## What you have to do
As the answer, give exactly the lines of the records below from the one with "on Lauréate only" through the one with "RC Metro Passi", ends included and pictures left out.

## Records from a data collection
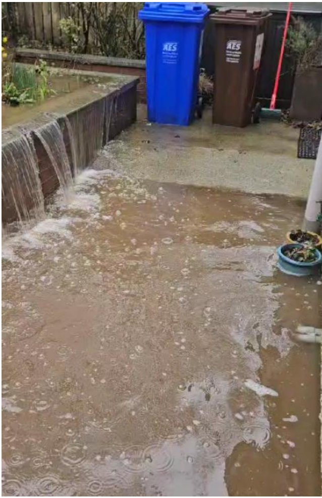
Flooding at Boru Court Properties
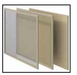
Privacy Screens - are available in transparent plastic to admit natural light or tackable fabric for acoustic dampening.
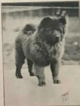
MOOSILAUKE PAO YEN Dark red daughter of Moosilauke Pao Wing. Four months old

Puppies and Grown Stock Frequently For Sale
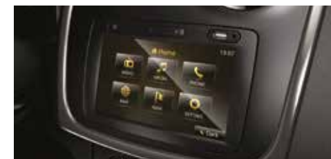
MediaNav 7" touchscreen multimedia system - standard on Lauréate only
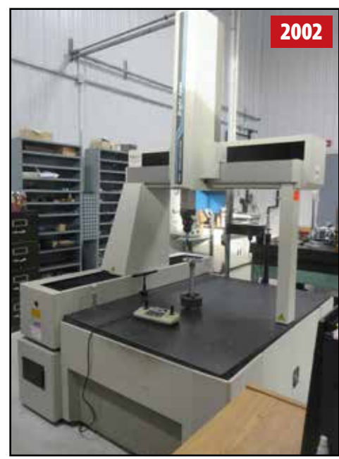
MITUTOYO BRT-A910 CMM

Auction will be conducted in Canadian (CAD) Funds.
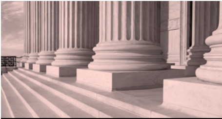
Gun Safety Advocacy & Policy with Everytown for Gun Safety and the Giffords Law Center to Prevent Gun Violence
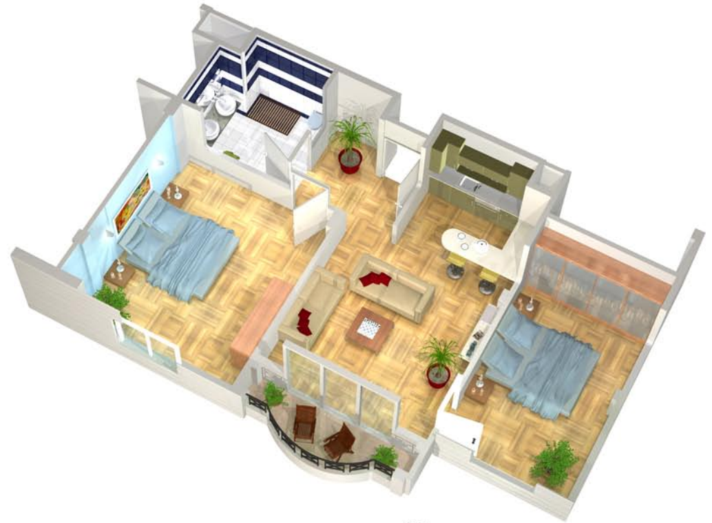
approx. 85 sqm
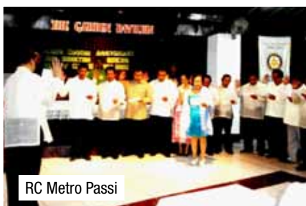
RC Metro Passi
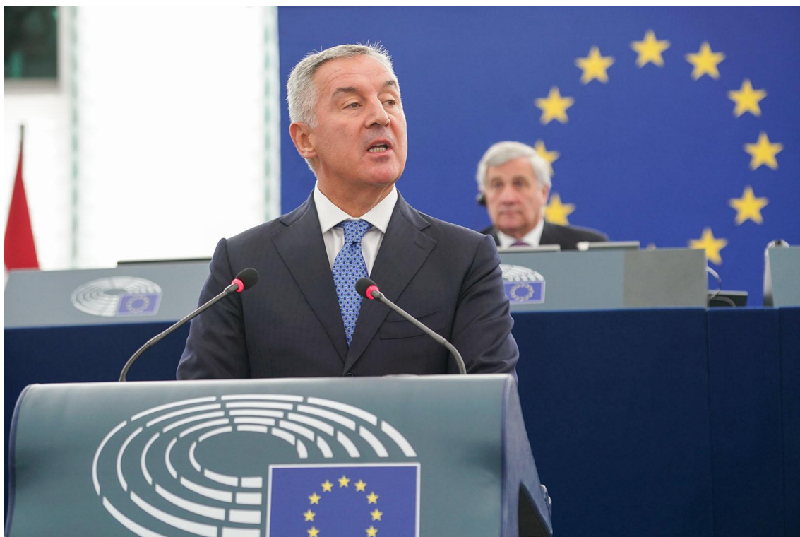
Address by Milo Đukanović, President of Montenegro
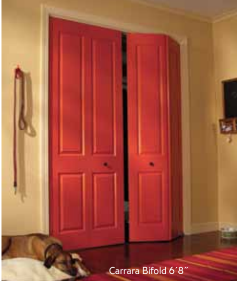
Carrara Bifold 6'8"

Austere yet welcoming, this uncluttered design has broad appeal.
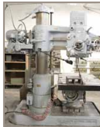
CARLTON 8' RADIAL DRILL
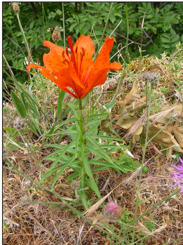
Figure 4. Lilium bulbiferum L. giglio rosso , from Sannio area, Campania Italy.
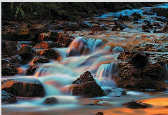
1st Runner-up and Best of Landscape:

張淑歡師傅：這照片的佈局和比例處理得很好，構成了一個三角形佈局，鳥兒的姿態十分優美，水花亦捕捉得不錯。
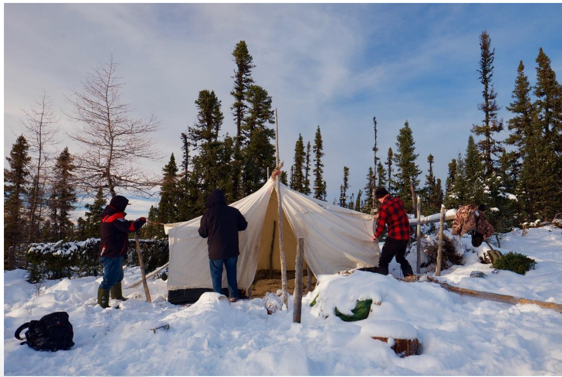
Deniz learning to pitch an Innu tent near Natuashish with local community members, winter 2018
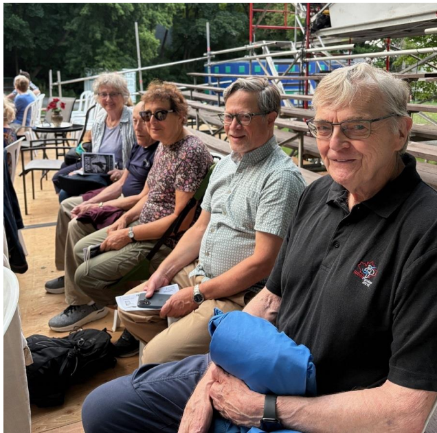
Aug. 5 – Watching Odyssey Theatre in Strathcona Park
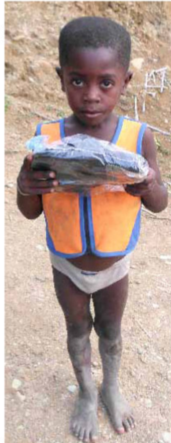
Thank you for new shoes.

We thank you again for all that you and your church and team of volunteers did to serve our mission in the D.R. May the Lord continue to bless your efforts of evangelism and service in your community and around the world. Blessings.
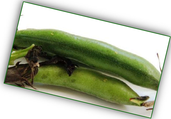
Figure 4 – Eggs on pods

Certain products can be used in field and broad beans during flowering and have been shown in historic trials to reduce the level of damage. This includes lambda-cyhalothrin. In broad beans several products containing lambda-cyhalothrin are available under Extension of Authorisation for Minor Uses. More recently, insecticides have been less effective, and it is thought that this may be due to insecticide resistance. To improve control, work in LINK (DEFRA)* and Innovate UK** research projects indicated that more reliable control of the pest was achieved by combining spray timing with temperature thresholds.

## Final answer
MediaNav 7" touchscreen multimedia system - standard on Lauréate only
MITUTOYO BRT-A910 CMM

Auction will be conducted in Canadian (CAD) Funds.
Gun Safety Advocacy & Policy with Everytown for Gun Safety and the Giffords Law Center to Prevent Gun Violence
approx. 85 sqm
RC Metro Passi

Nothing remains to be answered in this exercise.